Sol‑Gel combines a very high‑margin revenue base with a conservative balance sheet that features strong liquidity and minimal debt. Its proprietary microencapsulation technology, proven by two FDA‑approved products, underpins a focused dermatology strategy and offers a path to differentiated, patent‑protected formulations. Partnerships with established dermatology companies extend its reach while keeping commercial overhead relatively low, and a targeted pipeline addressing rare and underserved conditions provides potential for meaningful future value creation.
The company remains structurally unprofitable, with substantial operating and net losses and a long record of accumulated deficits. Cash reserves, while currently solid, have been declining, and ongoing high R&D spending could eventually strain liquidity if revenues do not scale sufficiently. The business is reliant on a limited number of products and a key late‑stage asset, faces typical biotech clinical and regulatory uncertainties, and depends on partner execution in commercialization, all of which introduce significant variability in future outcomes.
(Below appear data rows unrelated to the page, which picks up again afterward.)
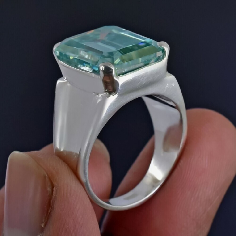 8.00 Ct Princess Cut Blue Diamond Ring for Men in 925 Silver Statement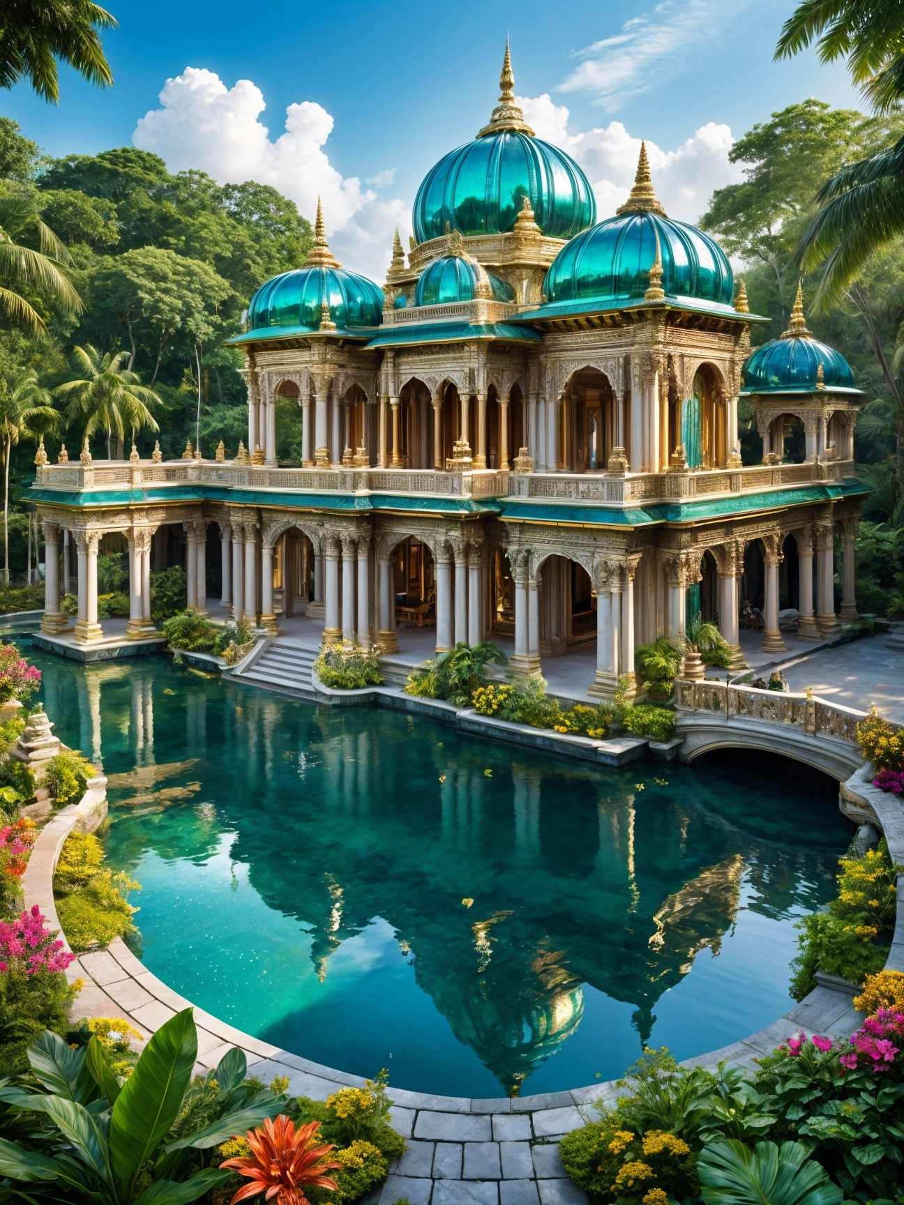 A stunning palace with turquoise domes and intricate gold detailing, surrounded by lush greenery and a serene pool filled with lilies. The architecture reflects a blend of elegance and tranquility.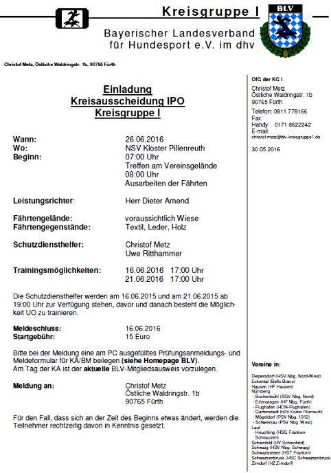 Leistungsrichter: Holger Lumbe Prüfungsleiter: Dieter Brandt Meldung: Heike Ritthammer, Tel. 09122 / 887701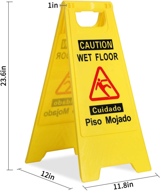 XPCARE 24 Inches Caution Wet Floor Sign,4PACK Yellow Bilingual Double-Sided Safety Warning Signs,A Frame Safety Wet Floor Signs Commercial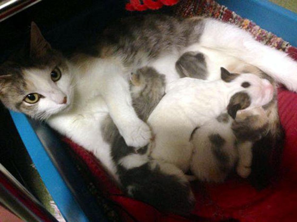 The staff at the shelter also provide additional help to alleviate cat mama's workload and make sure Noland gets adequate care.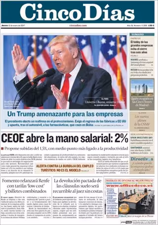CINCO DÍAS: "Un Trump amenazante para las empresas"; "CEOE abre la mano salarial: 2%"; "Alerta contra la burbuja del empleo turístico: No es el modelo"; "Fomento relanzará Renfe con tarifas 'low cost' y billetes combinados"; "La devolución pactada de las cláusulas suelo será recurrible al juez sin costas".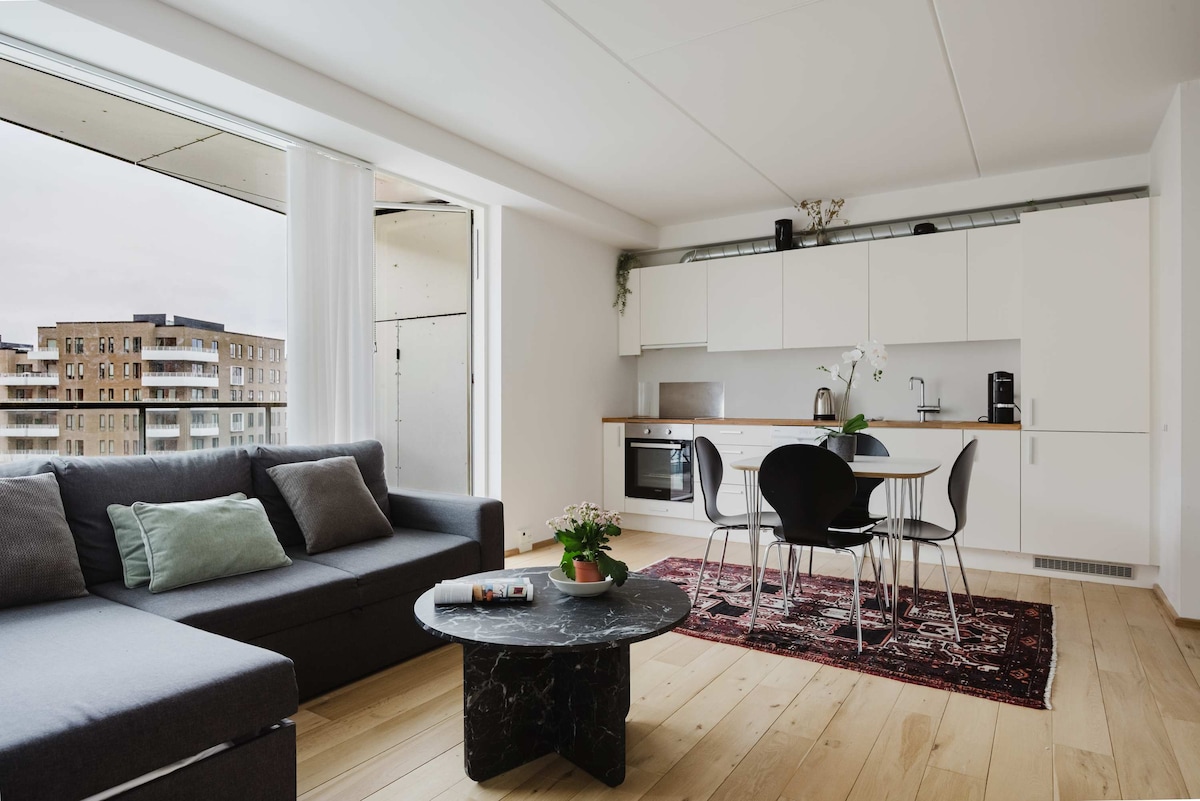 A stone's throw from Bella Center conference venue, and metrostation, taking you into town in just 12 min. Designed by renowned Danish architect, Bjarke Ingels, you can look forward to a spacious (116 sqm) open apartment, with an abundance of natural light, an impressive view, and where comfort, quality and coziness go hand in hand. An 8 min. taxi from the airport, or 15 min. by train, you'll soon find - and feel - yourselves at home. Scandi minimalism, Danish design with plenty of "hygge".

Looking ahead, the trajectory for Sol‑Gel will largely hinge on the commercial ramp of Epsolay and Twyneo through its partners and on the clinical and regulatory progress of SGT‑610. If existing products gain broader adoption and the pipeline delivers, the company could gradually move toward better operating leverage while preserving its strong gross margins. Conversely, slow uptake or clinical setbacks would prolong losses and could pressure the balance sheet over time. Overall, Sol‑Gel appears positioned as an innovative, niche dermatology player with meaningful upside potential but a risk profile typical of small, R&D‑intensive biotechs.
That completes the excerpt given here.